WORK TO COMPLETE: The result should be a word-for-word retyping of the entries below, free of pictures.

[Dataset excerpts]

☆ ☆ ☆ ☆ ☆

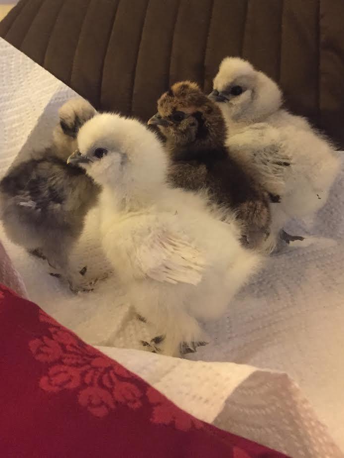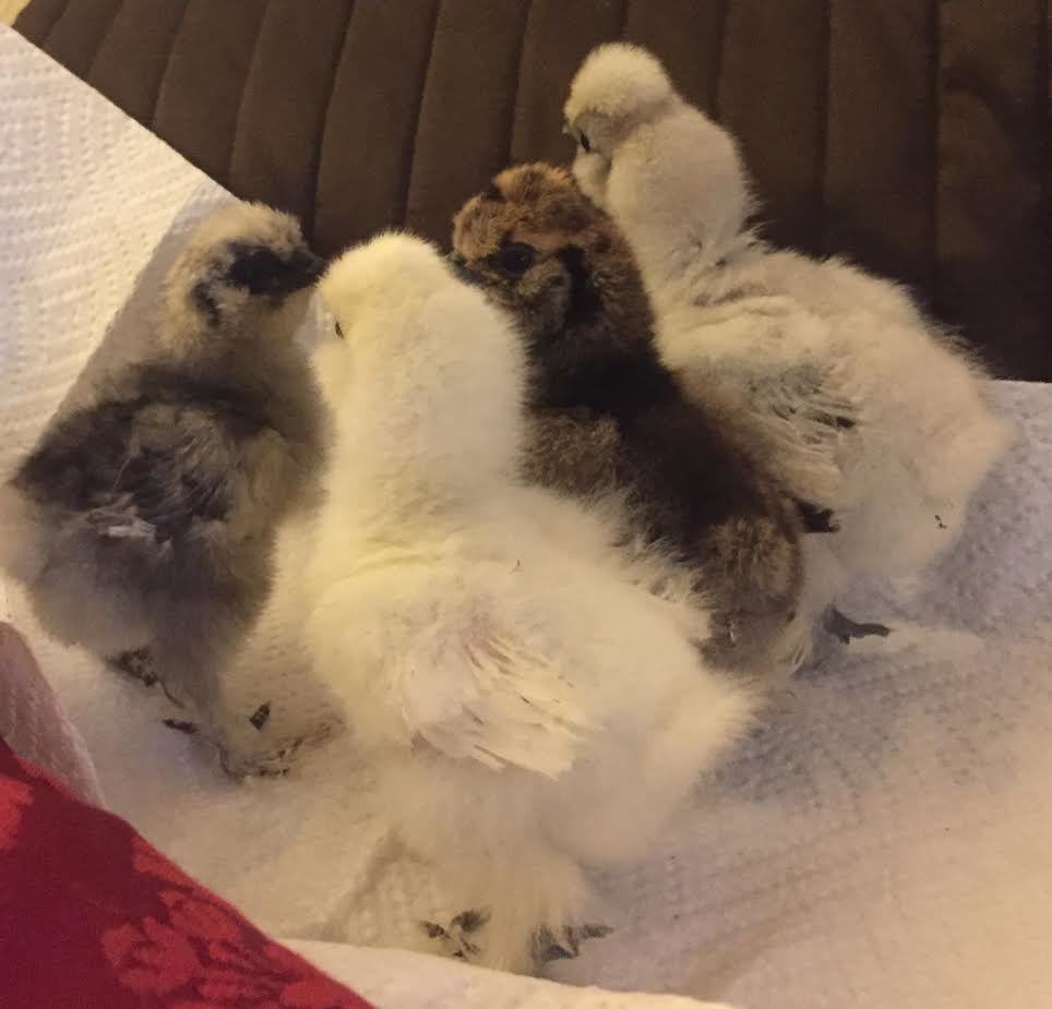 The October hatchlings at one week old: four cute silkies of indeterminate color. I love the look of the silvery-blue one with the black accents! The silvery-white chick now has some black feathering in the wings. Silkies are full of surprises! Good luck with your hatches, all.
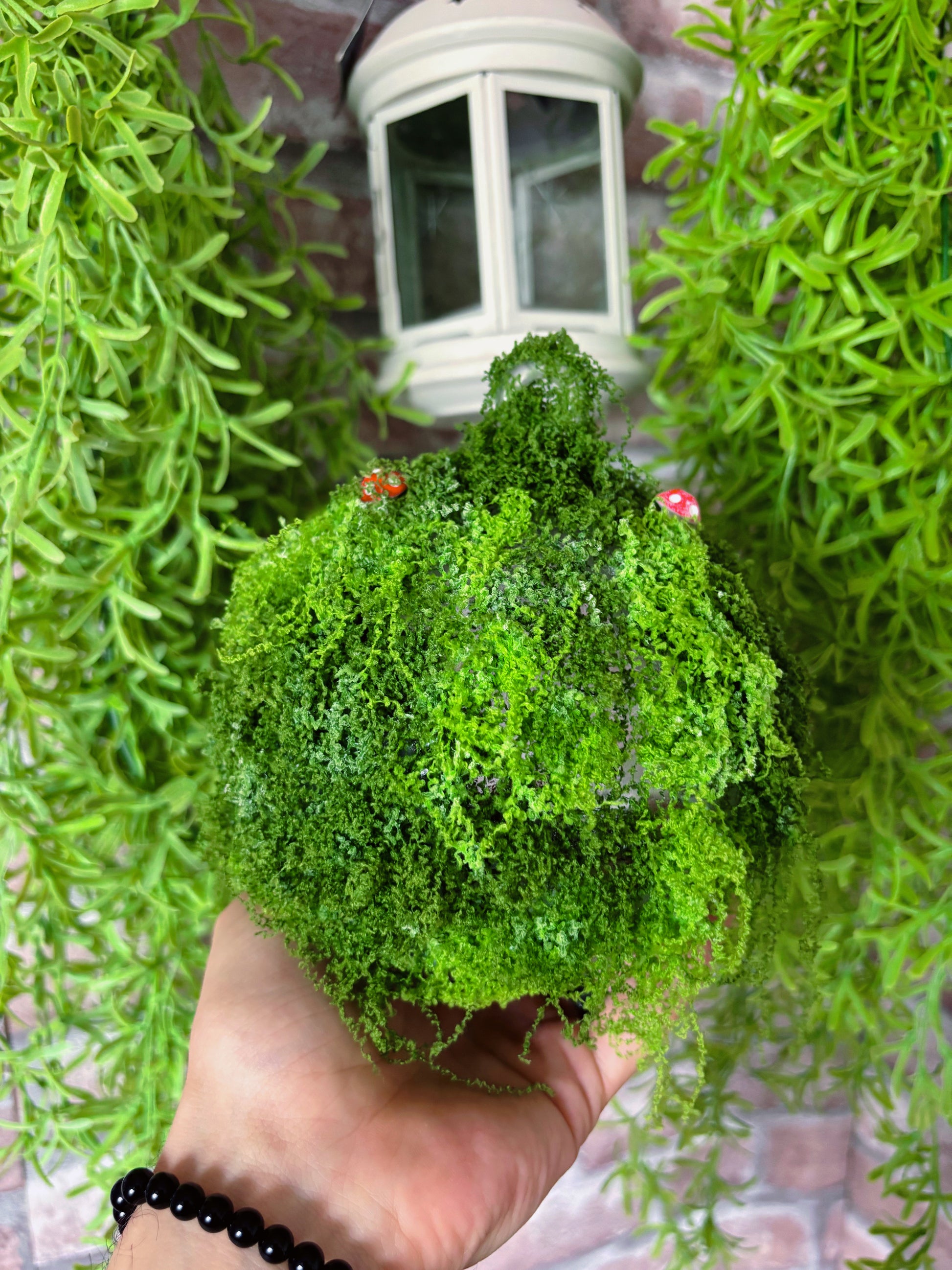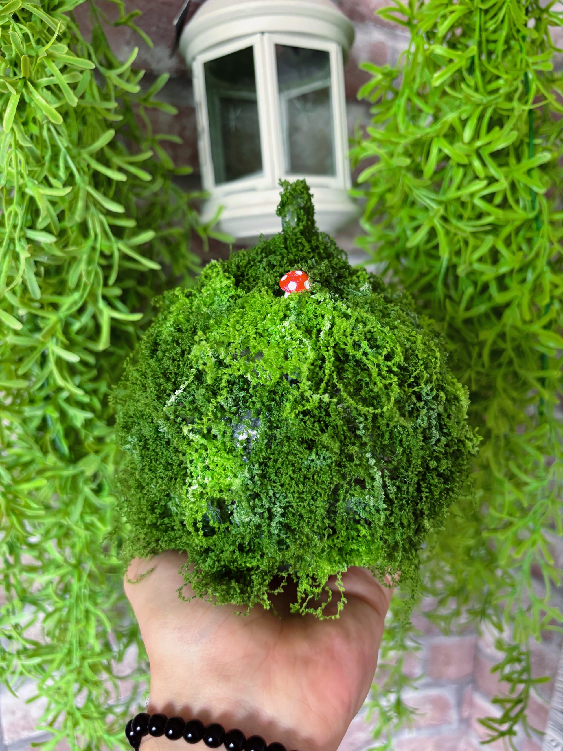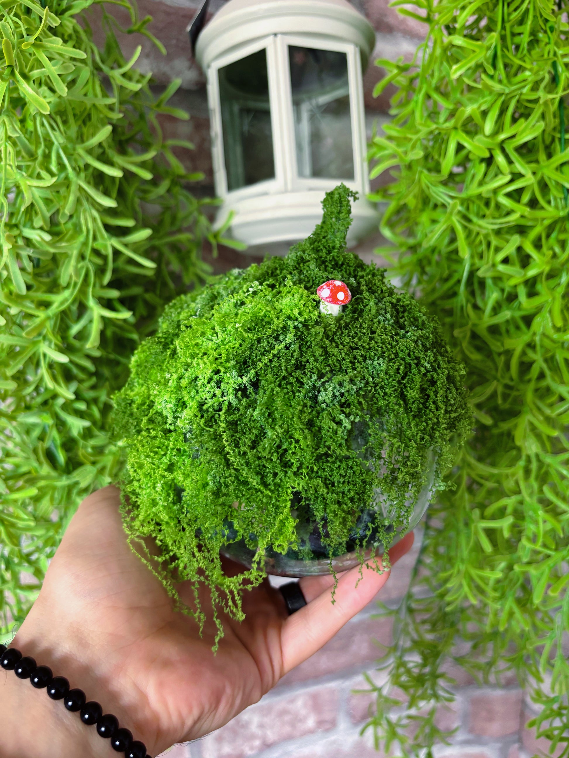 Petite sphère décorative d’intérieur : la mort se reposant dans une verdure verdoyante. Comme si tout n’était que renaissance.
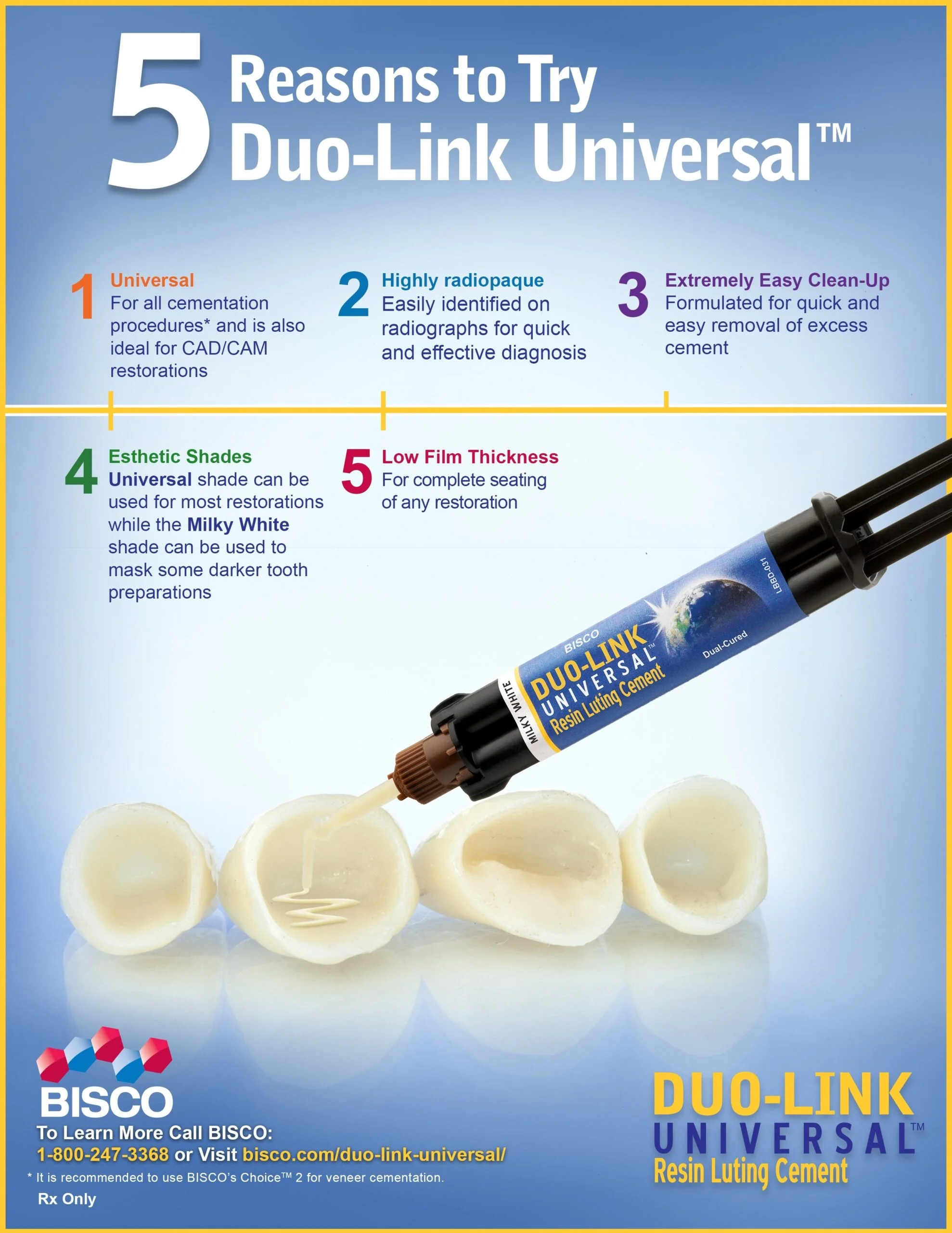 Duo-Link Universal adhesive resin cement is specially formulated for cementation of ALL* indirect restorations. It is intended for use with adhesives that are compatible with all dental materials, including all BISCO adhesives.
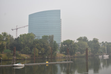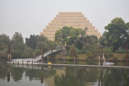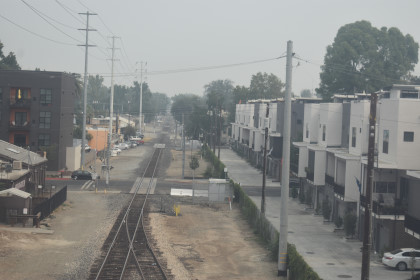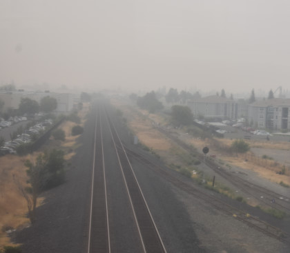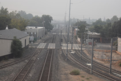 A Capitol Corridor train crosses the Sacramento River. First we had a free breakfast and I had smokewood bacon, sausage, potatoes and toast plus orange juice which hit the spot this morning. Due to COVID-19 health restrictions in Sacramento, we had to sit outside in the cool air which did not bother either of us.
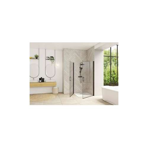Paroi Smart Design montage angle porte pivotante sans seuil XXL 140 profilé noir verre transparent
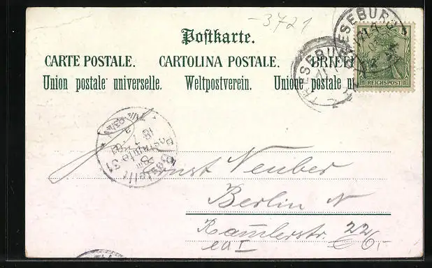 gelaufen 1901, Eckknicke li. unten und re. oben, guter Zustand

☆ ☆ ☆ ☆ ☆

RESPONSE AREA:
 The October hatchlings at one week old: four cute silkies of indeterminate color. I love the look of the silvery-blue one with the black accents! The silvery-white chick now has some black feathering in the wings. Silkies are full of surprises! Good luck with your hatches, all.
 Petite sphère décorative d’intérieur : la mort se reposant dans une verdure verdoyante. Comme si tout n’était que renaissance.
 Duo-Link Universal adhesive resin cement is specially formulated for cementation of ALL* indirect restorations. It is intended for use with adhesives that are compatible with all dental materials, including all BISCO adhesives.
 A Capitol Corridor train crosses the Sacramento River. First we had a free breakfast and I had smokewood bacon, sausage, potatoes and toast plus orange juice which hit the spot this morning. Due to COVID-19 health restrictions in Sacramento, we had to sit outside in the cool air which did not bother either of us.
Paroi Smart Design montage angle porte pivotante sans seuil XXL 140 profilé noir verre transparent
 gelaufen 1901, Eckknicke li. unten und re. oben, guter Zustand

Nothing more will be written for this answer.